Review of: Soviet Psychiatry. By Joseph Wortis, M.D. (Pp. 314. £1 18s. 6d.) London: Baillière, Tindall and Cox, 1950.
British Medical Journal, 1 March 1952, p. 473
Soviet psychiatry is dominated by the figure of Pavlov. In the terms of Pavlovian physiology the neuroses are intelligibly described as disturbances of cortical function produced by the breakdown of conditioned reflexes under excessive or conflicting stimuli. This mode of approach has found a number of followers in Britain, and proved especially useful in the clinical analysis and treatment of the acute neurotic reactions of wartime. Pavlovian concepts are, however, also applied in Russia to the endogenous psychoses. Schizophrenia, for instance, is regarded as a depression or inhibition of cortical function with the partial escape of lower centres from the control of the upper ones, with consequent development of such symptoms as stereotypies. Together with the physiological approach, Soviet psychiatry also favours psychotherapy in the form of persuasion, re-education, and social therapy. Neurotic symptoms may be due to a conflict between the ideas implanted in the course of a faulty (e.g., insufficiently Communist) education and the demands of society in the Communist world. Treatment therefore will be along those lines. Russia was one of the first countries to take up with energy the insulin treatment of schizophrenia, but it also encourages the pedagogic treatment of nervous symptoms in re-educative therapies. Freud and the unconscious are almost totally disregarded, and, though Freud himself is not without honour, psycho-analysis is obsolete. The treatment of the neurotic child is almost exclusively along pedagogic lines and in the hands of teachers; emphasis is even more on prevention and the treatment of causes than on sick individuals.

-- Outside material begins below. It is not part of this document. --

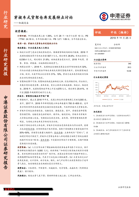 【申港证券】【20191125】20191125-申港证券-机械设备行业研究周报:穿梭车式货架仓库发展特点讨论-17页
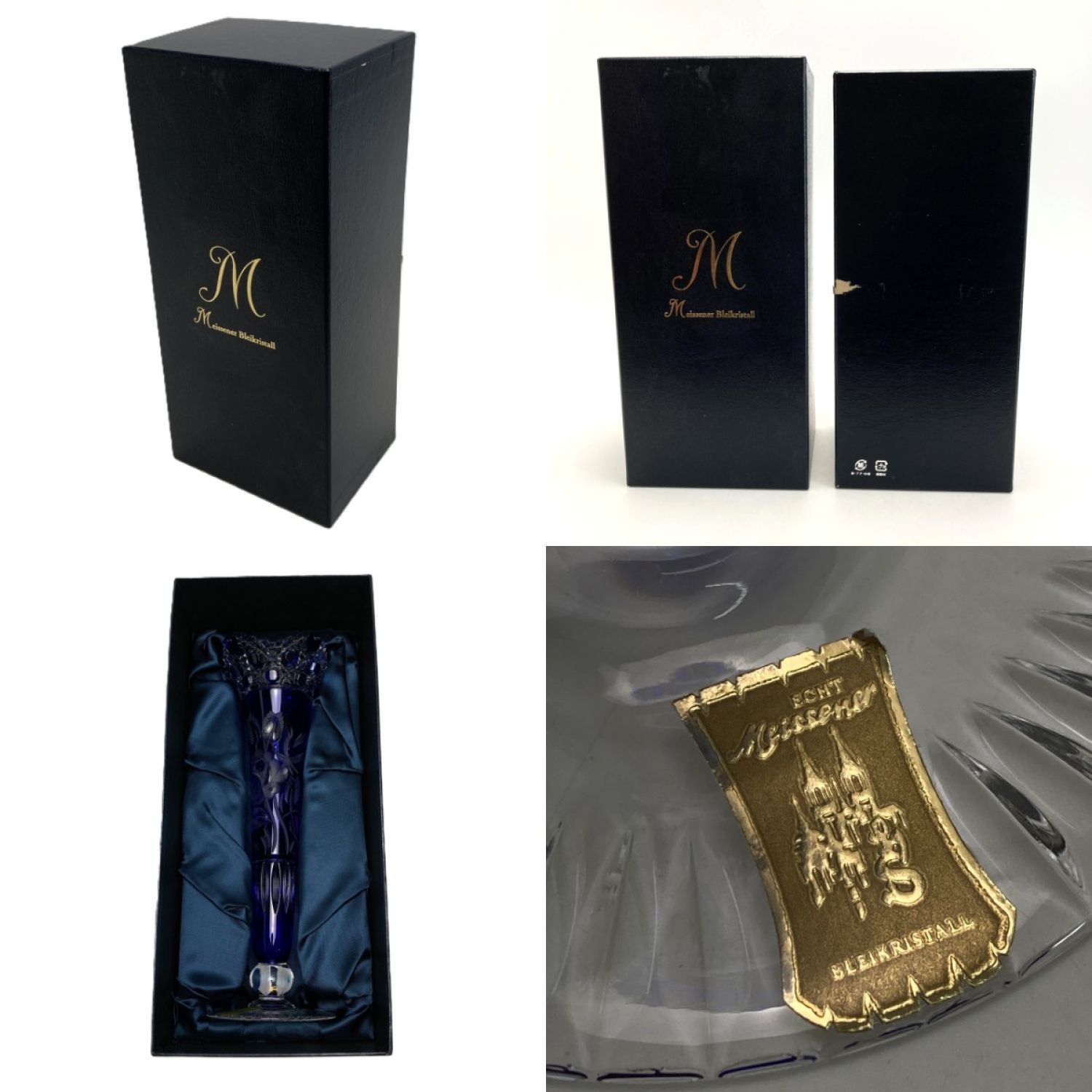 【商品名】中古 Meissen マイセン 一輪挿し マイセンクリスタル 23cm ブルー フラワーベース 花瓶 Bランク

Dr. Wortis is to be congratulated on having provided a very useful summary of psychiatric development in Russia. His task was not easy, for he had to rely exclusively on publications. No personal visit to Russian centres of teaching and research was possible. The total impression one gains is that Russia has made enormous advances in the provision of adequate medical services since Czarist days, that the clinical practice of psychiatry and the organization of treatment are of a sound standard, but that little new work is being done along research lines. Original thought, in psychiatry as elsewhere, has to be along the lines laid down by dialectical materialism.